William Inge jumps Tennessee Williams within the first few minutes of meeting him, ripping off his clothes to have sex with him, in “The Gentleman Caller,” a new, two-character play by Philip Dawkins, who imagines the first two encounters between these future eminent playwrights as the steamy sexual cat and mouse game of two gay young men.

Williams recounted the actual first meetings with Inge differently in his “Memoirs.” In 1944, Inge, then a theater critic and arts writer for a St. Louis newspaper, interviewed Williams at the Williams family home in a St. Louis suburbs, which Williams was visiting shortly before the out-of-town tryout in Chicago of “The Glass Menagerie,” the play that yanked him from obscurity.
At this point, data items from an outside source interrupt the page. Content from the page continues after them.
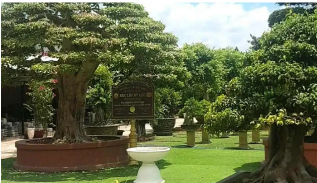
Sadec bonsai garden khu du lịch hoa kiêng sa dec video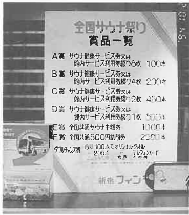
新宿・フィンランドでの掲示

サウナ祭の期間中は、お客様に細かい説明ができるように従業員には指示を徹底し、祭りと案内状の効果でおお客様の動員は十分できたので、「ほぼ満足できる状況です(店長)」というにぎわいだった。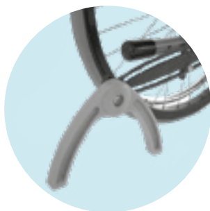
MA 61 / MA 62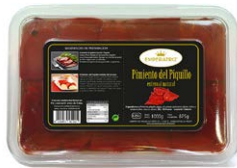
Pimiento del Piquillo entero al natural BT1250ML 30-45 frutos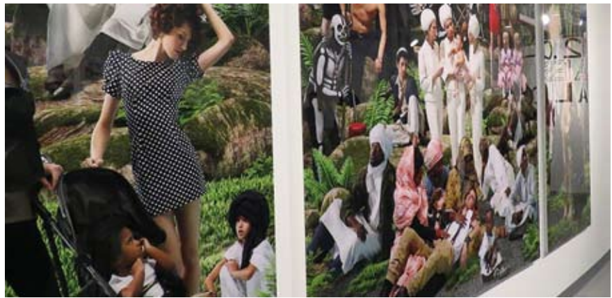
Ельцин Центр представил спецпроект группы AES+F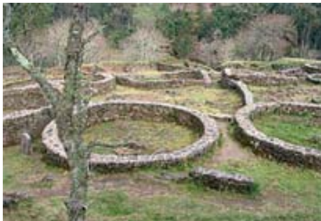
Borneiro -A Coruña, Galicia-.

Oswald (1997) recalca también que la orientación de las puertas de entrada pudiera poseer elementos místicos, y la importancia de todo ello podría ser considerada como un componente de la visión general propuesta por algunos autores de que en las sociedades tradicionales los edificios incorporan metafóricamente básicos principios sociales y cosmológicos (Tuan 1977; Parker Pearson and Richards 1994; Cunningham 1973: 235), una opinión exagerada según otros autores.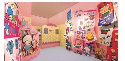
粉色的夢幻小鎮聚齊 Sanrio 家族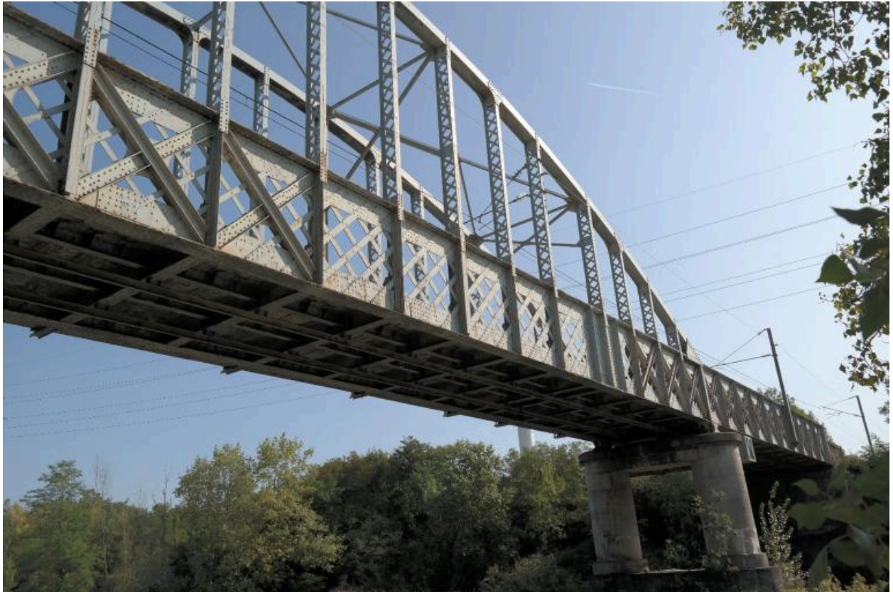
Pont ferroviaire de Vongy, vue de la pile centrale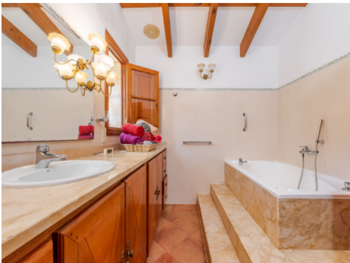
Uno de 4 baños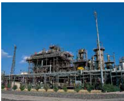
ポリプロピレンプラント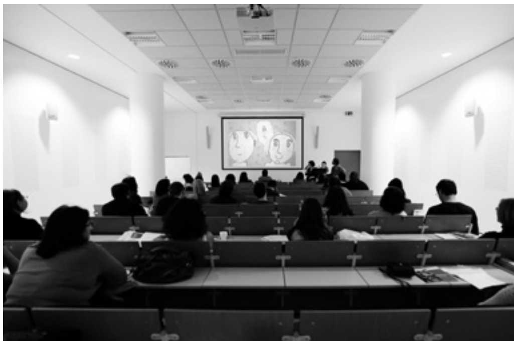
Prezentace prací vytvořených v dílnách animovaného filmu v kulturním centru Stanica Žilina-Záriečie.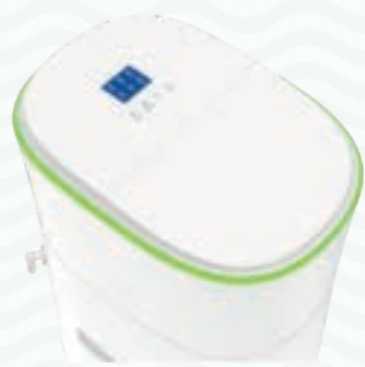
LUCY+ versie met kleurenscherm, ontsmetting module en zoutalarm

Met een LUCY heeft u een moderne waterontharder voor 100% zacht water.

“It’s always lonely at home now: My friends have all dispersed,” Williams wrote three decades later. “I mentioned this to Bill and he cordially invited me to his apartment near the river. We had a gala night among his friends. Later we attended the St. Louis Symphony together. He made my homecoming an exceptional pleasure.”

Could this pleasure have included the carnal? Was Williams just being discreet in his recollection? Maybe, although “Memoirs” is not a discreet book; it frequently catalogues his sexual escapades.
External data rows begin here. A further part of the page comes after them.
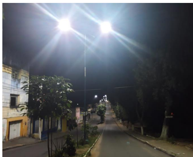
1.2 - Rua da Tip Top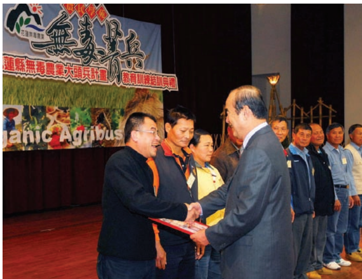
無毒農業授證成為首批認證的生產戶

「假如這是天命，無可退縮，對的事，只有一路往前衝。」 秉持這股信念，花蓮縣政府推動無毒農業4年， 生產健康安全食材，農村生態環境復甦，農民價值觀念轉變， 土地倫理的深層文化在生活中重新播種、生根、發芽， 幸福、知足、互信的良善氛圍在花蓮農村滋長蔓延。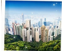
จุดชมวิวยาววิคตอเรีย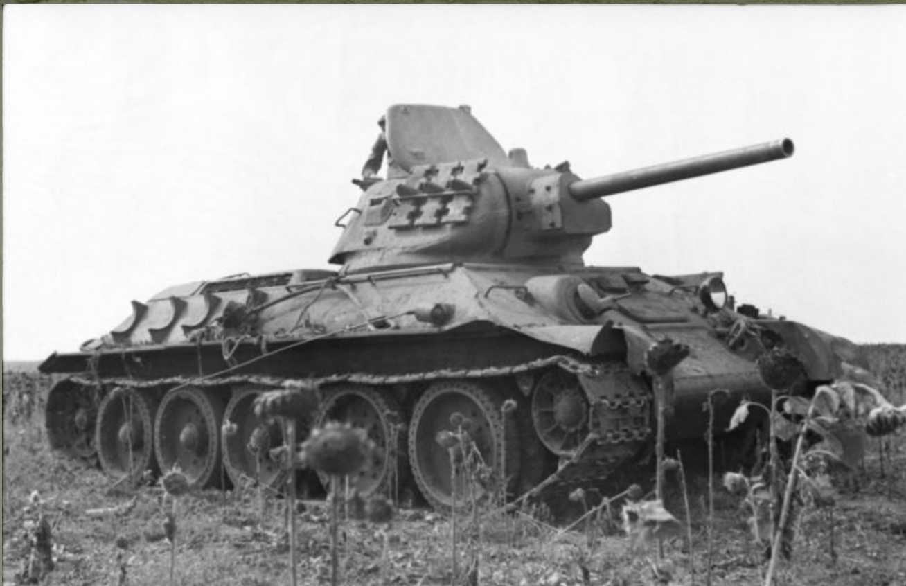
1943 August - September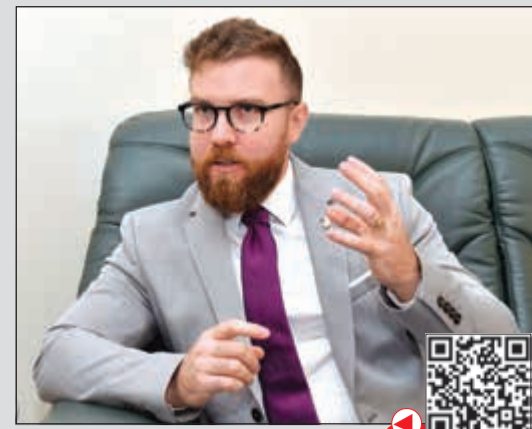
السفير الهنغاري د.اششقان شوش (متين غوزال)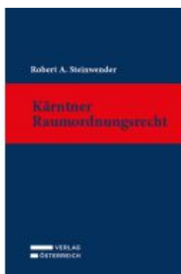
Kärntner Raumordnungsrecht Ladenpreis: 166,00EUR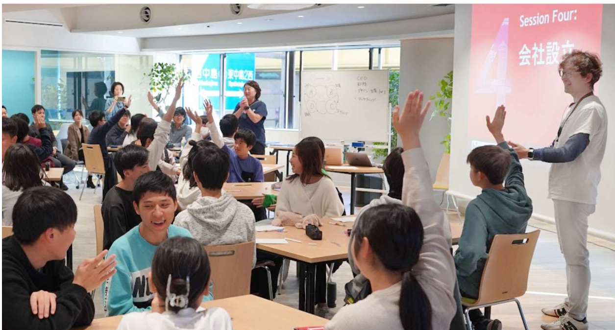
写真1 こども起業塾 体験会の様子

株式会社類設計室（本社：大阪市淀川区、社長：阿部紘）の教育事業部「類塾」は、アメリカ発祥のアントレプレナーシップ教育 BizWorld を日本で提供する IKIRU 合同会社(BizWorld Japan) と連携し2024年3月16日に「こども起業塾 with BizWorld」を開講します。学習塾でプログラムを行うのは全国初。新たな価値を創造する時代。自らが問いを立て解決する力、仲間と協働して実現する力を育て、事業をつくりあげていく面白さを体感するプログラムを提供します。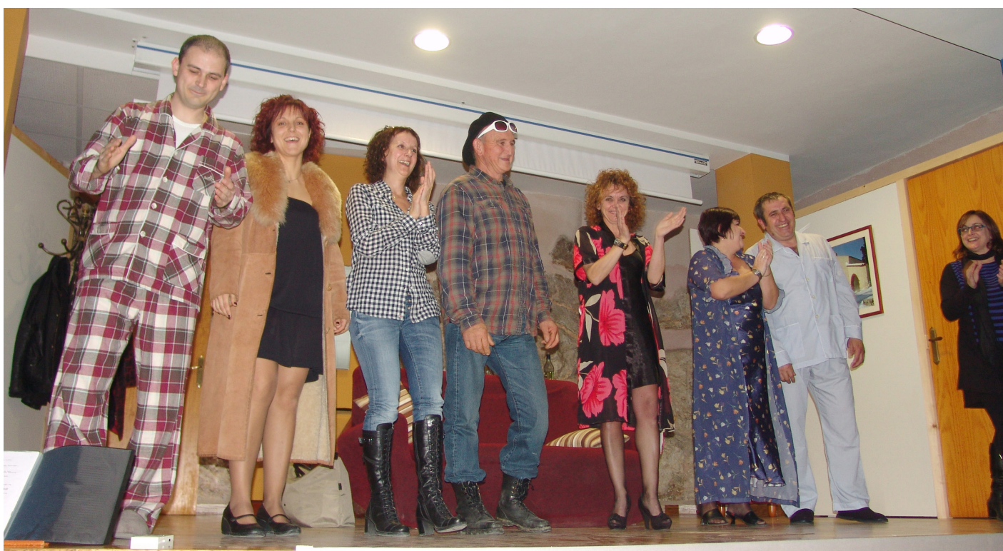
Salutació final dels participants de l'obra.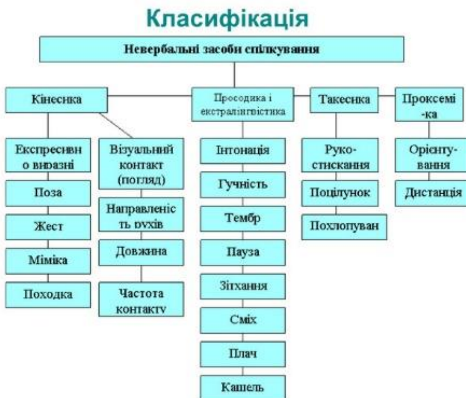
Рис. 1.1. Структурна схема невербальної поведінки людини

Усі види невербальних повідомлень не ізольовані, а знаходяться у взаємодії, іноді доповнюючи один одного, іноді суперечивши один одному [13].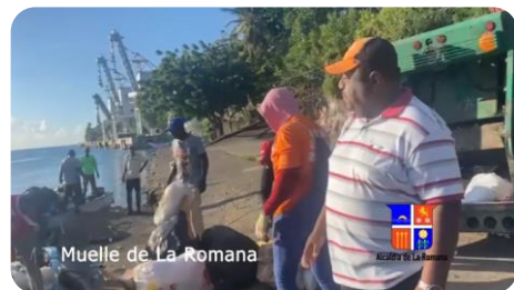
Muelle de La Romana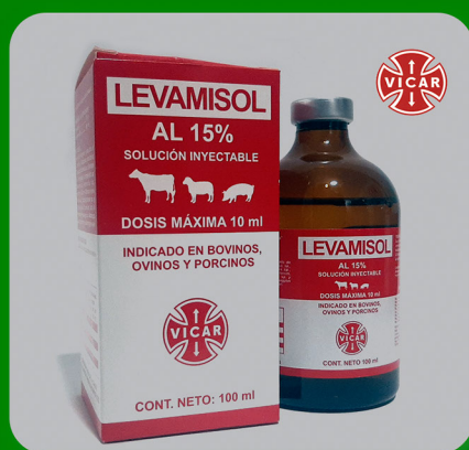
LEVAMISOL AL 15%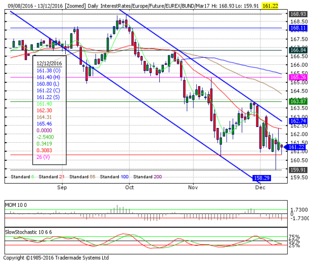
德國 10 年期國債：(H17) 多頭需收於通道上軌上方

阻力位 4：163.06 阻力位 3：162.74 阻力位 2：162.32 阻力位 1：161.40 12月5日高點 日下跌通道上軌 21日均線 12月12日高點

Literary scholars have speculated about the possibility of a sexual aspect of the relationship between Williams and Inge that began that night in St. Louis.  But as one such scholar, Ralph Voss, said during a panel discussion on the two playwrights: “The question of whether or not they became lovers at that point has always been of far less interest to me than what happened there, which was a case of mutual admiration.”
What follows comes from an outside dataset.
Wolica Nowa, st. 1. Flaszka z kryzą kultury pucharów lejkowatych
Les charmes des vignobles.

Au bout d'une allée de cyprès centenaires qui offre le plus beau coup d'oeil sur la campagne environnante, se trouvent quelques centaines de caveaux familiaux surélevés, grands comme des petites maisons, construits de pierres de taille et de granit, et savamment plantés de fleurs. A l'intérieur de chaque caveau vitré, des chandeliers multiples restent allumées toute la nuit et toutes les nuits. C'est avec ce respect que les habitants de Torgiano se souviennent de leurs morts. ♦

The question of their sexual involvement seems to be of more interest to playwright Philip Dawkins in  “The Gentleman Caller,” an Abingdon Theater Company production opening at the Cherry Lane.  Dawkins’ play seems at least as passionate about depicting two gay men in the 1940s and the different ways they deal with their sexuality, as it is in offering portraits of two celebrated artists at the beginning of their careers.

Bill (Daniel K. Isaac) abruptly halts his initial aggressive sexual advance,  after Tenn (Juan Francisco Villa) starts giggling, which makes him self-conscious.  Bill apologizes. He’s mortified, mostly that Tenn will tell people. Bill is in the closet; Tenn is out and proud – or, as much out as any gay man was in 1944.

“You’re not… one of those? Are you?” Bill says.

“Honey,’ Tenn replies, “I’m a whole bunch of ‘those.’”

Over the course of the play, it’s Tenn who becomes the seducer, getting a reluctant/not-reluctant Bill to smooch, play footsie, flirt, and dance, first in Bill’s St. Louis apartment in Act I, and then in Tenn’s Chicago hotel room on New Year’s Eve 1944 in Act II.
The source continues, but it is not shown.